The total value locked (TVL) in DeFi assets is currently over $16 billion and seems to be tracking Bitcoin’s bullish trajectory. Interestingly, this nascent market was barely at $1 billion in TVL when we began 2020, but skyrocketed at the debut of governance tokens this summer. It now seems that fundamentalists have managed to woo serious stakeholders into the burgeoning DeFi market.
Today, even small businesses can leverage the DeFi ecosystem to access contract credit or asset mortgage credit from B2B2C Ethereum built infrastructures like AMPLIFY. This project taps into the growing supply chain financial ecosystem by linking it with DeFi, hence scaling opportunities for small companies that are left out in traditional financing.
A Bridge Between Supply Chain Finance and DeFi
The supply chain finance market is currently estimated to be well over $275 billion in annual trading volumes despite limitations in the existing systems. AMPLIFY’s B2B2C infrastructure seeks to bridge the gap between traditional supply chain financing and the underlying potential in integration with digital assets. This DeFi ecosystem bases its fundamentals on an on-chain governance agreement, where stakeholders can enjoy the benefits of a decentralized supply chain finance market.
Small businesses have been historically sidelined when it comes to credit access in traditional finance, a trend that is now changing with the emergence of DeFi. AMPLIFY, being one of the projects in this niche, might as well be part of redefining an industry that has long been dominated by big players with ‘favorable’ credit metrics. With a decentralized supply chain finance market, all participants have a level playing field to supply or access credit.
The AMPLIFY model combines both a traditional financial market B2B platform and a blockchain-based financial B2C platform. This project plans to digitize all the assets within the supply chain finance system to increase market liquidity on a global scale. Through its on-chain governance protocol, AMPLIFY will establish a credit network that covers core enterprises and smaller units which include sub suppliers or non-core enterprises.
AMPLIFY’s Decentralized Supply Chain Financing Model
Having recently revealed its first MVP ‘Amplify 1.0’, this decentralized supply chain financing ecosystem is set to allow users to borrow and lend assets seamlessly.
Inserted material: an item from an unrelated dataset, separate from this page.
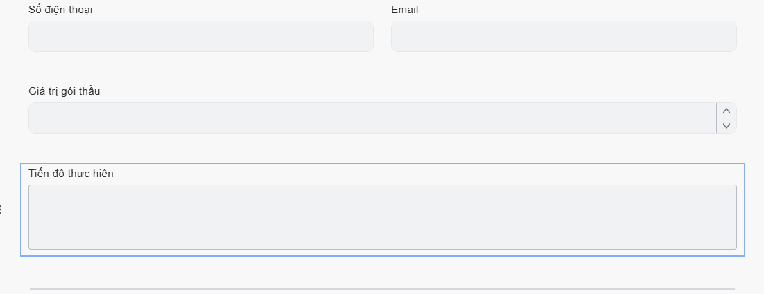 48 | Tiến độ thực hiện | Text area | Tham chiếu: 2442 - User Story - Nhân viên kế hoạch - tổng hợp soạn thảo hợp đồng | |||

In fact, the process is as simple as selecting one’s preferred borrow or lend amount, after which an on-chain prompt from Metamask wallet will trigger the user to approve the transaction on-chain.
To sustain a decentralized architecture, AMPLIFY relies on its governance token ‘AMPT’ which is currently at its Initial Exchange Offering (IEO) stage on Emirex Exchange, under the Smart Fundraising Campaign (SFC) initiative. This token is built to act as a voting voice for the AMPLIFY community in future developments; they are also likely to benefit once its listed by prominent exchanges.
Like most DeFi tokens, AMPT will incentivize liquidity mining in the AMPLIFY on-chain DeFi platform. These tokens will be used to reward decentralized participation through distribution while supporting a potentially long-term supply chain finance market. AMPLIFY plans on releasing the AMPT tokens through a curved auction based on Ethereum smart contracts.
The Future of DeFi
Although some might be of a different opinion, DeFi has proved critics wrong in its short period of existence. This upcoming niche pivots on the shortcomings of today’s financial markets; it is touted for being decentralized, automated, reliable and financially attractive. Unsurprisingly, the early DeFi innovators like AMPLIFY have plans to further extend their market products and outreach.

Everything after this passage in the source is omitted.